In Palestinian contexts, spaces cultivated for persisting despite the state are often based in villages and camps. Um Al-Hiran in the Naqab/Negev region of Israel has long been threatened with destruction (Adalah 2015; S. Bishara and Naamnih 2011), and in fact Israeli authorities finally partially destroyed it in early 2017. For years, though, villagers’ determination to stay on their lands has marked an everyday assertion of independence that required rigging up systems for electricity, roads, and water. In Safuriyya, in the Galilee of Israel, residents continue to farm their lands even though Israel has not allowed them to live on the land of their village since 1948. Farming builds independence from the Israeli market, cultivates a routine connection to land, and grows healthy bodies (Rego 2016). Similarly, and in contrast to Agambenian characterizations of refugee camps as a space of bare life, refugee camps may offer “potential as grounds for new politics” (Feldman 2015, 250), creating collective power that stands outside state authorities, the PA, or UNRWA.

Even during the war in Syria, certain communities have managed to operate as zones of autonomy, creating systems for governance and service provision (Munif 2013; Stephens 2013; Yassin-Kassab and Al-Shami 2016). As the Syrian regime bombs civilians and hospitals, those providing medical care essentially wage a struggle to make life possible in the face of death at the hands of the state (Einsiedel 2016). At a time when about half of Syria’s population has become refugees, doing the basic work to allow Syrians to stay in place maintains the possibility for alternative sovereignties to emerge in the future.

For Palestinians and others popular sovereignty finds its zenith as well as its limit in prisons. Resistance in prison is a matter of collectively asserting the right to determine the most basic matters about food, speech, and representation. As Banu Bargu (2014, 2) writes of Turkish political prisons, such “wards also became the foundations of [hunger strikers’] claim to an alternative sovereignty.” Just as Palestinian villagers make of their isolation and threatened existence a basis for solidarity and cohesion, through their isolation “political captives rebuild their collectivity at the levels of both body and community” (al-Nashif 2004/2005, 54).
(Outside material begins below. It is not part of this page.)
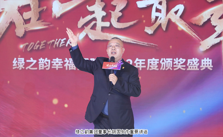 “路雖遠(yuǎn),行必至,事雖難,做必成”,大會最后,在全場最為熱烈的掌聲中,綠之韻集團(tuán)董事長胡國安上臺向所有幸福代言人贈寄語牌匾,并講話。他首先向大會現(xiàn)場以及通過在線互動視頻觀看本次大會盛況的綠之韻家人致以熱烈的歡迎和誠摯的問候,并向每一位獲獎?wù)弑硎緹崃业淖YR。他表示,感謝每一位奮斗的幸福代言人,三年來,你們不畏艱難、不辭辛勞、不懼疫情,用不同形式,在不同地點,全力的傳播著公司的企業(yè)文化,傳承中華五千年養(yǎng)生文化,積極推動科技讓中醫(yī)養(yǎng)生走進(jìn)千家萬戶的理念,為你們點贊!向所有的幸福代言人致敬!你們奮斗的身影,是2022最美的風(fēng)景!回看來路,繁花似錦;瞻望前程,乘風(fēng)鼓翼。乘著黨的二十大與兩會勝利召開的浩蕩東風(fēng),我們滿懷激情的跨入充滿希望的2023年。在一起,最幸福,伴著市場環(huán)境加速回暖、營商環(huán)境持續(xù)優(yōu)化的鏗鏘足音,未來三年,在集團(tuán)公司的全力支持下,在現(xiàn)場每一位和通過視頻收看的綠之韻家人的支持下,我們一定能在新起點上再創(chuàng)新輝煌!

Through sumud, or steadfastness (Meari 2014), and other forms of prison resistance, prisoners insist on admittedly very limited forms of control over their existence—but given the circumstances of their constraint, this kind of insistence, often performed collectively as during a hunger strike, rejects the legitimacy of the state and demands recognition and reshaping of rules. This kind of resistance has become a model for other forms of resistance, and even for Black–Palestinian solidarity that intermingles Palestinian and Black liberation voices.

The Palestinian case and others in the Middle East help us reconceptualize both sovereignty and popular sovereignty. We must examine how claims about sovereignty can hide the actual ways in which power is exercised. In highlighting fleeting forms of popular sovereignty, are we in danger of romanticizing popular sovereignty in the same way as resistance has been romanticized (Abu-Lughod 1990)? One way to combat this possibility may be to look at sovereignty and popular sovereignty together, over a long term, and with attention paid to fissures and exclusions in popular sovereignty. Another is to interrogate how popular sovereignty can be co-opted by the state in dangerous ways (Winegar 2015). Still, collective forms of power can emerge and contest state power by exposing its limits, even temporarily. Thinking popular sovereignty marks a way of moving beyond individualistic concepts of rights, and of recognizing how politics can change on the ground in important ways, even when political structures do not budge.

ACKNOWLEDGMENTS

I wish to thank Paul Beran and Kēhaulani Kauanui for their excellent suggestions on earlier drafts of this essay. I am also grateful to participants in the Mellon Sawyer Seminar in Comparative Global Humanities and the “Native American and Indigenous Studies, Colonialism, and the University” workshop, both at Tufts University, for providing forums for developing these ideas.